I'm not going to tell you. It's brilliant, yes, I can safely say that. It's original. It's cute. It's not quite newsworthy but it'll attract a lot of free editorial. It's not because I think you'll steal the idea and develop it yourself but because I fear I'll lose your attention if I do. The idea is in some ways the least interesting part of the process. And the enormous, grinding effort and spirit that goes into the superfluous little thing is completely disproportionate to its virtue.
Ideas are easy, for those of us who have ideas. I have them all the time. In the last two weeks I've considered the merits of a tiger farm, of a vast prosthetic, puppet-style phallus for male strippers, and a parliamentary newspaper. I'm proceeding with one of these as well. But that's not this. No, my gimmick, my novelty, my delicious little gadget... I'll tell you what it is after it's launched and gone to product heaven or product hell.
The idea begins life in a vulnerable form. You tell people and they say one of two things. 1) "If it's such a good idea, why hasn't someone done it already?" And 2) "That's a brilliant idea, it's already being done."
For some reason these are disabling objections. The answers are: 1) "Because nobody's thought of it before." 2) "Aha! That shows there's a market for it!" Actually the real answer is 1) "Shut up."
When the idea is a collection of conversations it is nothing but an entertainment. It is a thought experiment. At every stage its level of reality increases so dramatically that we the originators think it's a going concern. We write a cash flow and it looks so persuasive we daren't show it to investors without wearing heavy gloves. We write a business plan and we live it, like a novelist. Fantasy becomes reality for us - it has to otherwise we'd never proceed. We have to believe the dream. Well, someone has to.

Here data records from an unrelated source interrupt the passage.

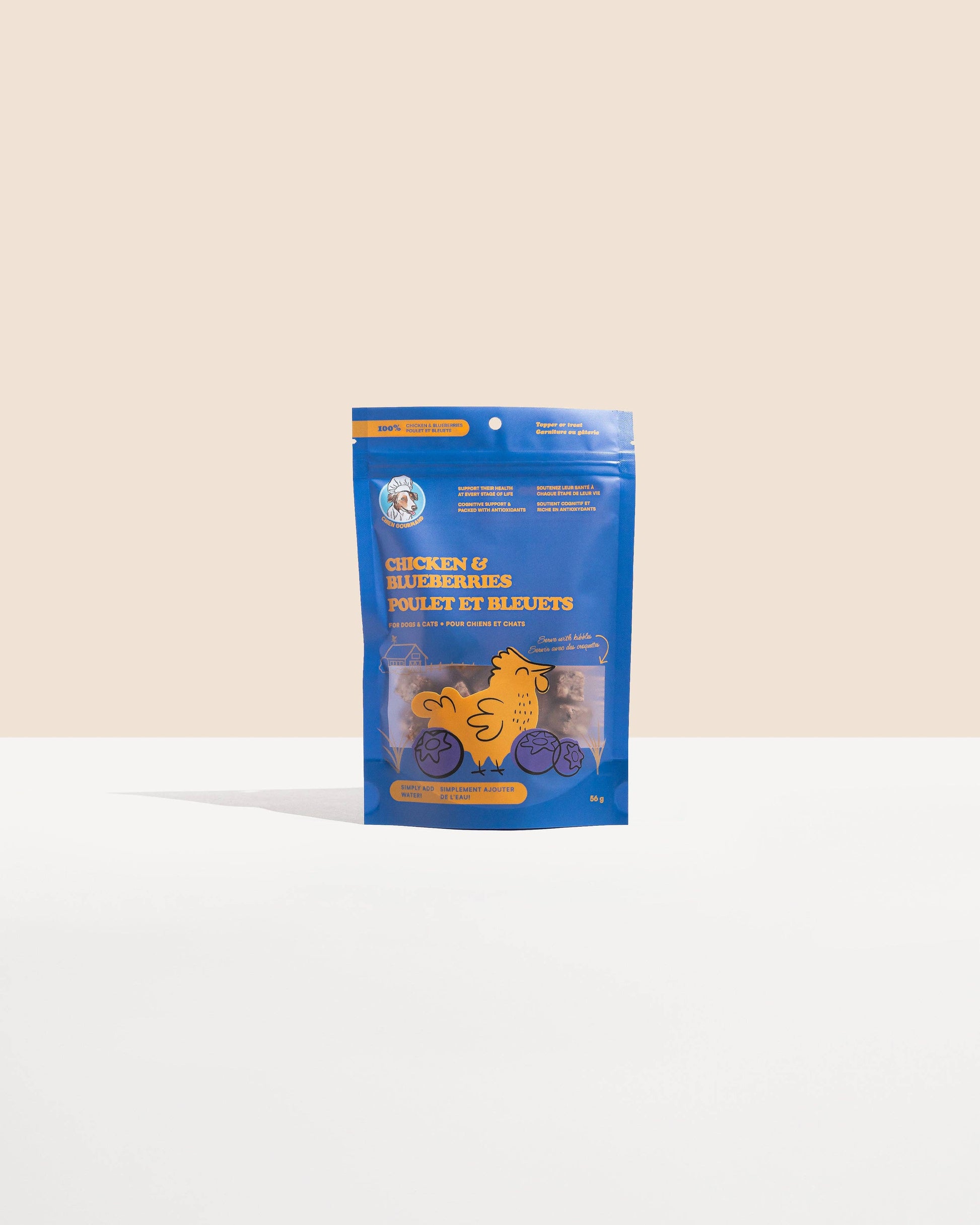 Un mélange simple et efficace pour enrichir les repas de votre animal. Fait de 100 % poulet maigre et de bleuets entiers, ce topper est riche en antioxydants et soutient la cognition, l’immunité et la mobilité articulaire. Léger, savoureux et facile à réhydrater, il est parfait pour les animaux séniors, en convalescence ou difficiles à nourrir.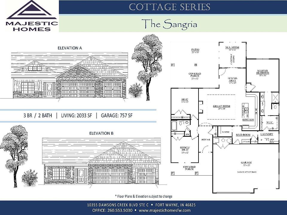 Located in the area's newest subdivision Raccoon Run. Designed with functionality and high end upgrades, the "Sangria Cottage Series" features over 2,000 sq ft of finished living space. Welcoming you at the front door and into the open foyer, you'll meet a private den at the front and leads you back to the open concept living space. Here you'll find the spacious living room with vaulted ceilings, nearby dining and exceptional custom kitchen. Offering quartz counter tops, breakfast bar, walk in pantry, all appliances, and ample cabinet space. Enjoy relaxing in the sun room or unwind within the spacious master bedroom with private en-suite. Majestic Homes is known for their superior construction with open-web truss system, HE Low-E Simonton windows, HE 50gal water heater, HE furnace & a/c, double insulation on exterior walls, and a 10 year Quality Builders Home Warranty.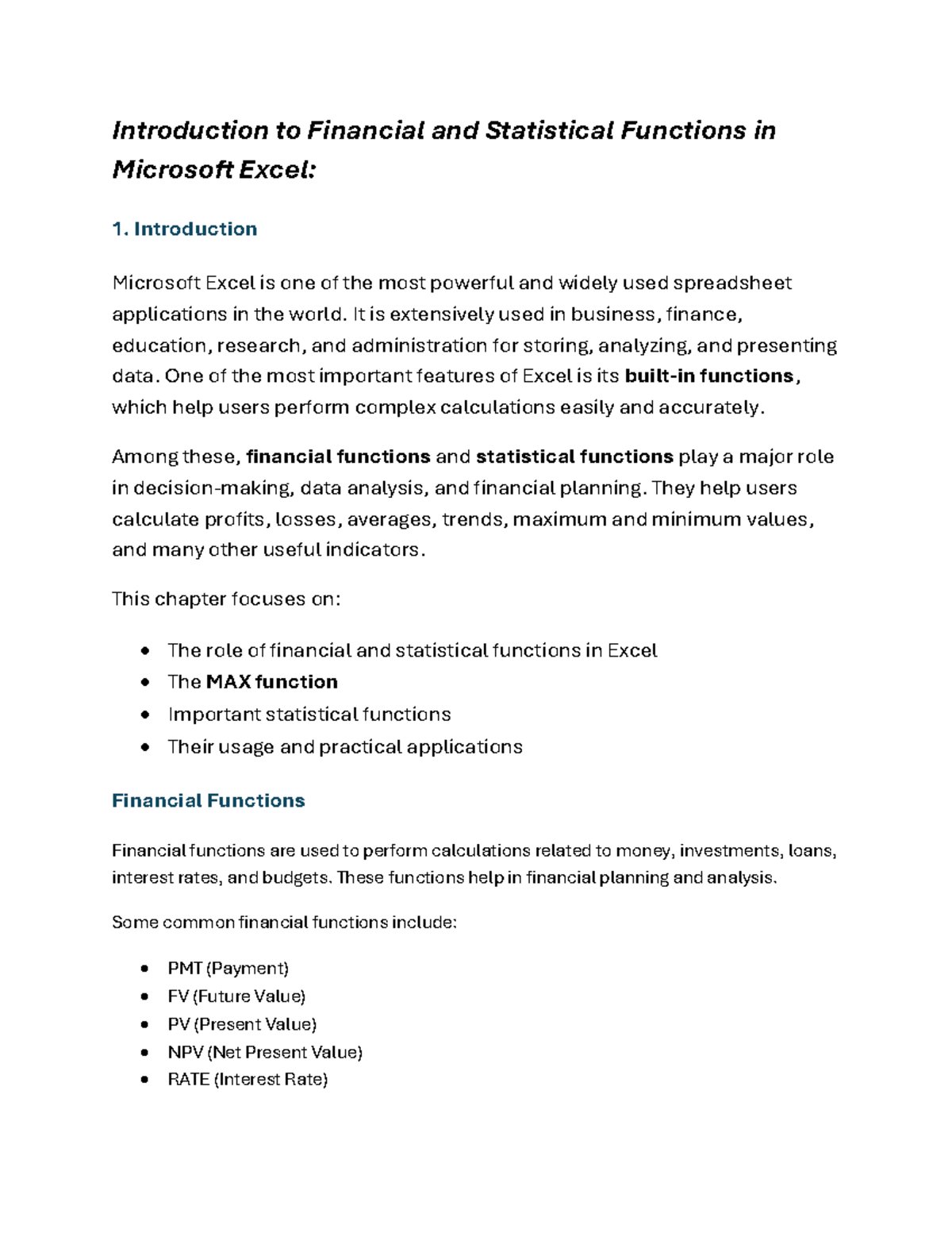 Excel Functions for Finance & Statistics: A Comprehensive Guide (FIN ...
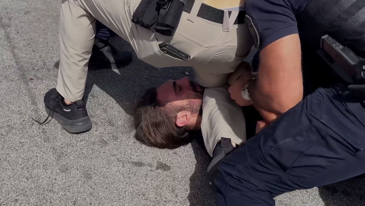 Το υλικό, που ήδη κυκλοφορεί και στα μέσα κοινωνικής δικτύωσης, δείχνει τον άνδρα με πολιτικά να γονατίζει στον λαιμό του διαδηλωτή, επαναφέροντας στη μνήμη εικόνες που θυμίζουν τη δολοφονία του Τζορτζ Φλόιντ στις ΗΠΑ το 2020.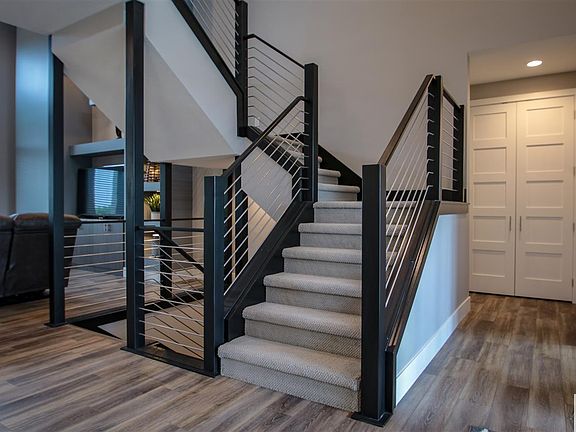 Contemporary 1.5 story home built by Bousquet Construction. This home sits on generously sized lot on a prime cul de sac location with a fantastic golf course view. Very open floor plan even to the upper level with defined spaces and unique touches throughout. Entering the foyer, you will see the focal piece stainless rod staircase system with its contemporary flair and open feel. The entire home has white trim. The main floor and lower level living areas have luxury vinyl plank floors. Convenient office off the foyer has a closet. The formal dining room has large windows and opens to the living room. The living room features contemporary built ins and a gas fireplace as well as 18 foot ceiling which opens to the upper level and features a striking view of the one of a kind staircase. The kitchen has a 9 x 4 hidden pantry, modern & sleek flat front cabinets, SS appliances, granite counters and a dining area with floating buffet. Off the dining area is a 13 x 16 maintenance free covered deck with steps to the large, flat yard. Main floor also has a laundry room and a large guest bath. Throughout this home you will find closets galore for all your storage needs. The main floor master suite has a large bedroom with golf course view and perfectly placed windows to fit your king size bed and a master bathroom with dual sink separate vanities, a tile walk in shower with rain shower head and a second shower head as well. The walk in closet is a dream with all the perfect built-ins. Second story features three large bedrooms (two have walk in closets and one has a double closet) and a large full bathroom with a double vanity, tub/shower and tile floor. The lower level has a expansive family room area with natural light pouring in from the daylight windows and a wet bar with granite counter. Two more large bedrooms (one has a walk in closet and egress window and the other has a double closet and a daylight window. Full bathroom has double sink, vanity and tub/shower combo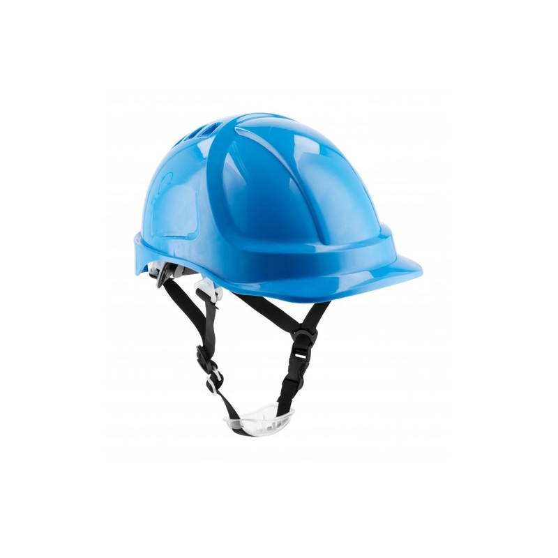Захисна каска з ABS пластику має вентиляційні отвори, отвори для кріплення навушників. Крім того, бічні кріплення служать для кріплення додаткових засобів захисту обличчя, очей та слуху. Корпус зберігає удароміцність при низьких температурах, має високу твердість і стійкість. до подряпин. 6-точкові шлейки виготовлені з високоміцної поліестерової тасьми і не натерають, як пластикові шлейки. Регулювання на задній частині шолома, виготовлене з нейлону, забезпечує ідеальну посадку для голови будь-якого розміру. Оснащений 4-точковим ременем підборіддя. Відмінно підходить для умов, що потребують ефективного захисту, відмінної вентиляції та максимального поля зору. Виготовлена відповідно до EN 397 та призначена для професійного використання.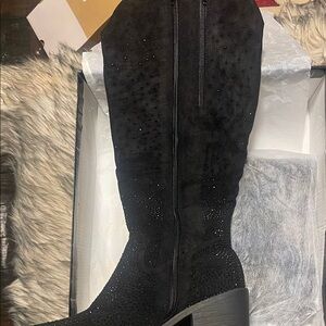 Chic black boots with a touch of sparkle. Perfect for elevating any outfit.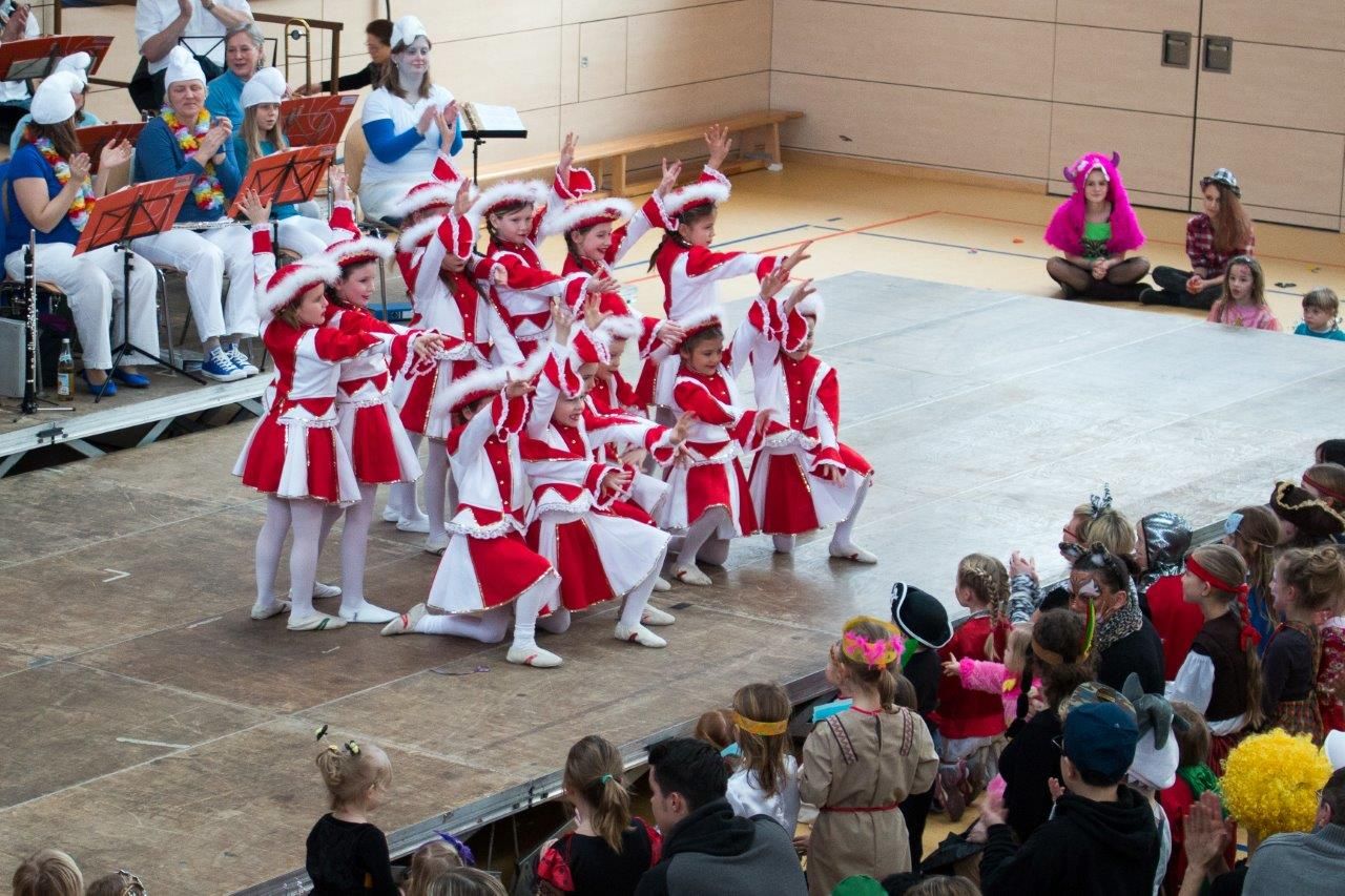 TSV Böbingen: „Hecka Scheisser“ wurde von der kleinen Garde bereits in professioneller Manier präsentiert. Die Vorschulturnkinder mit ihren als Gummibären verkleideten Übungsleiterinnen präsentierten eine tolle Gymnastik mit vielen bunten Reifen auf das Gummibärenlied. Anschließend hatten die „Crazy Dancers“ unter der Leitung von Lisa und Sarah ihren großen Auftritt mit einem wirklich sehenswerten Disco-Tanz auf die Musik von Shakira mit absolut gekonnten Bewegungen. In der Pause kam dann das kleine närrische Volk vollends auf ihre Kosten. Die Musikkapelle bot den kleinen Narren eine tolle Faschingsmusik, es wurde auf der Bühne heftig getanzt, gehopst und getobt. Nach der Pause betraten die Tanzmädels und die Dancing Kids mit viel Schwung die Bühne und zeigten ein buntes Feuerwerk ihrer Tanzkunst auf das Lied „Traum“ von Cro. Einstudiert wurde dieser Auftritt von Schneewittchen Madeleine Lutz. Als Belohnung für diesen Auftritt wurde eine Rakete im Saal steigen gelassen. Die großen Turnmädels um Anja und Ines zeigten eine super Choreographie mit Tanz, Turnen Akrobatik und Trampolin. Nach der zweiten Programmpause kamen die Turnkids unter der Leitung von Franzi und Sarah auf die Bühne. Die Mädels zeigten einen tollen Tüchertanz, welcher das Element Luft darstellte. Zu Gast war auch die Tennie-Garde aus Lautern mit einer gelungenen Vorführung. Auch viele Eltern trugen durch ihre phantasievollen Verkleidungen zum Gelingen des Nachmittags bei. Man sah eine „Gockel-Gang“, Piraten und Herzdamen in der mit vielen hundert Luftballons dekorierten Römerhalle. Aber die kleinen Eisprinzessinnen, Ninja-Kämpfer, Ritter und allerlei Tiere aus dem Dschungel, die wild und heftig zur Musik tanzten und hüpften, genossen es im Mittelpunkt des bunten Treibens am diesem Faschingssonntag zustehen.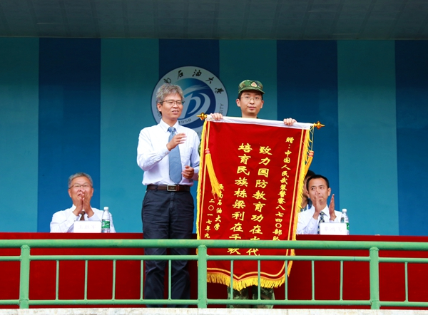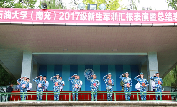 王胜军代表校区军训团对本次军训工作作了总结发言。他说,南充校区2017级全体新生在教官和老师的指导、带领下,严格要求,科学施训,发扬不怕苦、不怕累的中国军人优良作风,团结协作、克服困难,工作扎实,按计划,安全、顺利地进行了军事训练,圆满完成了军训课程设计要求,达到了预期目标,成效显著。希望同学们在今后的学习与生活中,发扬军训期间顽强拼搏和遵章守纪的优良作风,把军训养成的良好生活习惯长期保持下去,秉承“为祖国加油、为民族争气”的西南石大精神,努力学习,立志成才,报效祖国!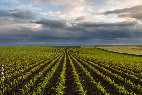 Sunrise over a field of young corn.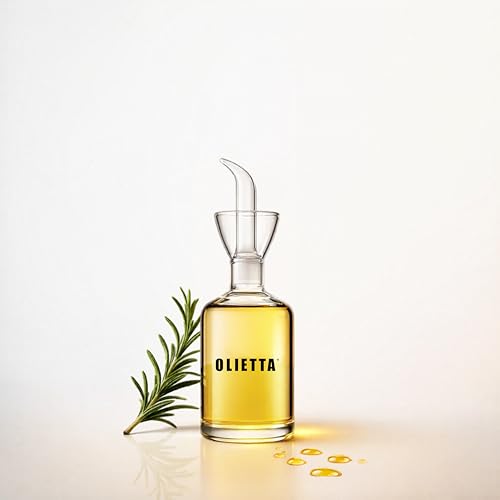 Olietta Oljedoserare i Borosilikatglas – 250 ml droppfri olivoljeflaska med läckagesäker pip för olja och vinäger – lätt att rengöra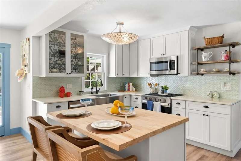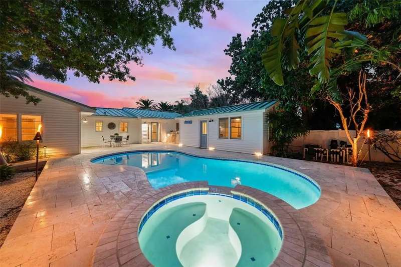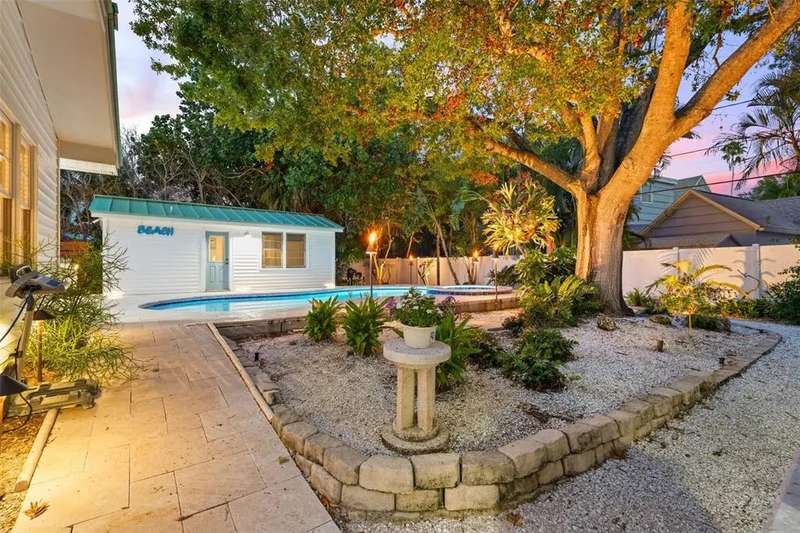 Coastal Luxury Meets Effortless Charm in North Clearwater Beach Welcome to your private beachside oasis! This beautifully renovated Clearwater Beach Bungalow with a detached Guest House, sparkling Pool, oversized Garage, and sprawling fenced yard offers the ultimate in relaxed coastal living. Nestled in the highly sought-after North Clearwater Beach community, you’re just a short stroll or golf cart ride from the powder-soft white sands of Clearwater Beach — consistently ranked the #1 Beach in the USA. Step onto the welcoming front porch and feel the Gulf breeze as you take in golden sunsets and magical twilight skies. Inside, an open-concept floorplan showcases designer coastal finishes, all-new luxury vinyl plank flooring, and a seamless blend of comfort and sophistication. The main home features 3 spacious bedrooms and 2 updated bathrooms, including a serene primary suite with a large walk-in closet, complete with smart built-ins and convenient outlets. The heart of the home — a stunning chef’s kitchen — boasts quartz countertops, shaker cabinetry, a coffee or wine bar nook, and a counter-depth refrigerator, all with gorgeous views of the pool. Step outside to your private tropical escape. The remodeled pool and spa shine as the centerpiece of the backyard, complete with in-floor cleaning system, gas heater, and new equipment. Entertain with ease on the travertine lanai, grill at your built-in Coyote BBQ station, and enjoy ambient landscape lighting that sets the mood for unforgettable evenings. Need space for visitors or extended family? The detached Guest House offers a private retreat with its own kitchen and bath — perfect for long-term guests or rental potential. Storage and parking are a dream with an oversized 2-car garage, plenty of room for a golf cart, beach toys, and tools, plus a long driveway that fits four more vehicles with ease. Additional highlights: Privacy fence surrounding the property In-house laundry Lush, low-maintenance landscaping Short walk to beachside shops, restaurants, the Clearwater Beach Rec Center, and boat ramp This is more than a home — it’s a lifestyle. Whether you're looking for a full-time residence, vacation home, or investment opportunity, this one-of-a-kind beach compound offers it all. Live the dream. Love the beach. Welcome home.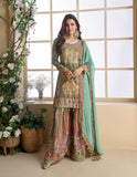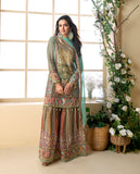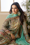 Mint Green Beige Designer Embroidered Pure Crepe Silk Party Wear Gharara Suit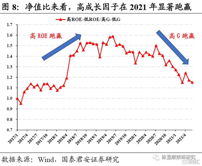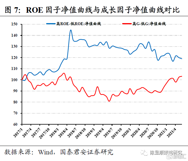 Since August 2020, the effectiveness of the ROE factor relative to the high growth factor has gradually weakened. From the ratio of the two net values, the ratio of high ROE-, low ROE/, high G and low G has declined from 1.6 to 1.1 since June 2020.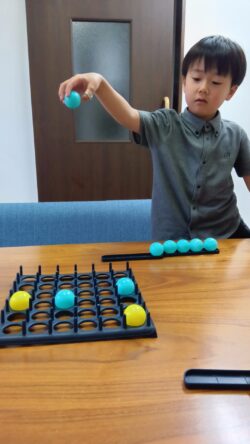 ⑤おたのしみでは、課題の最後として好きな遊びを選んでもらったり、スタッフと勝負課題を行ったりします。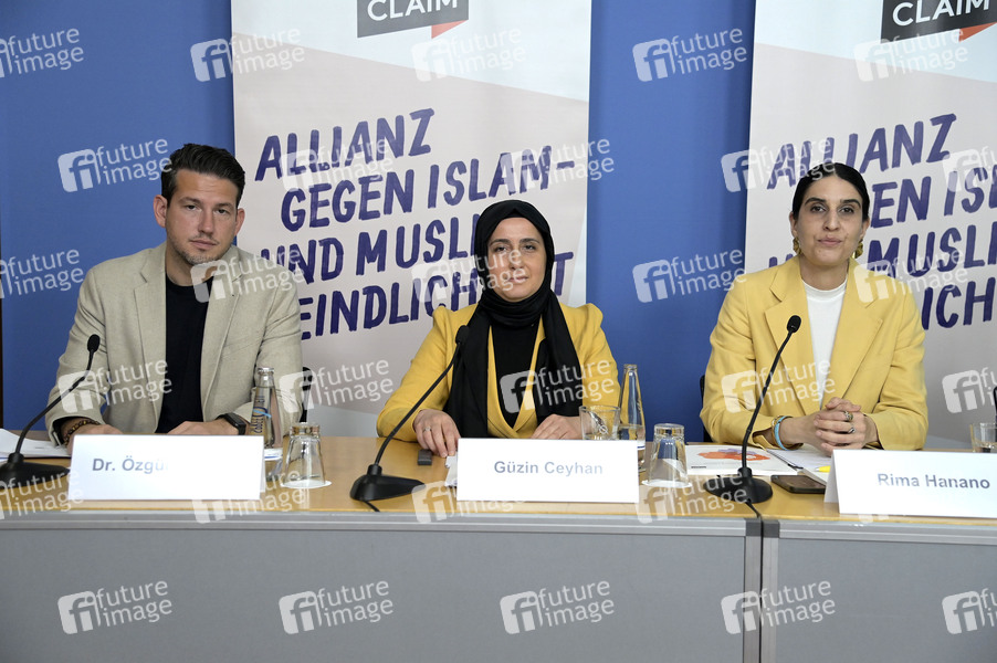 Özgür Özvatan, Güzin Ceyhan und Rima Hanano bei der CLAIM Pressekonferenz Veröffentlichung zivilgesellschaftliches Lagebild antimuslimischer Rassismus im Tagungszentrum im Haus der Bundespressekonferenz. Berlin, 24.06.2024

The first and most difficult thing to do is to confront real life, to engage in the intransigent realities of the material world. To pick up the phone and ring the tradesman, the craftsman, the artisan who is going to make the model. That is bringing the whole shimmering world of possibility down into the dumb, mundane reality of the model, or the dummy, or the prototype. You have to take your dream, your holographic magic and present it to the one who will be entrusted to bring it into the world of things. This first call will spawn an empire of commercial activity and allow you, ultimately, to solve the problem of Africa. And they say: "I'm sorry, he's not at his desk, can I ask what it's regarding?"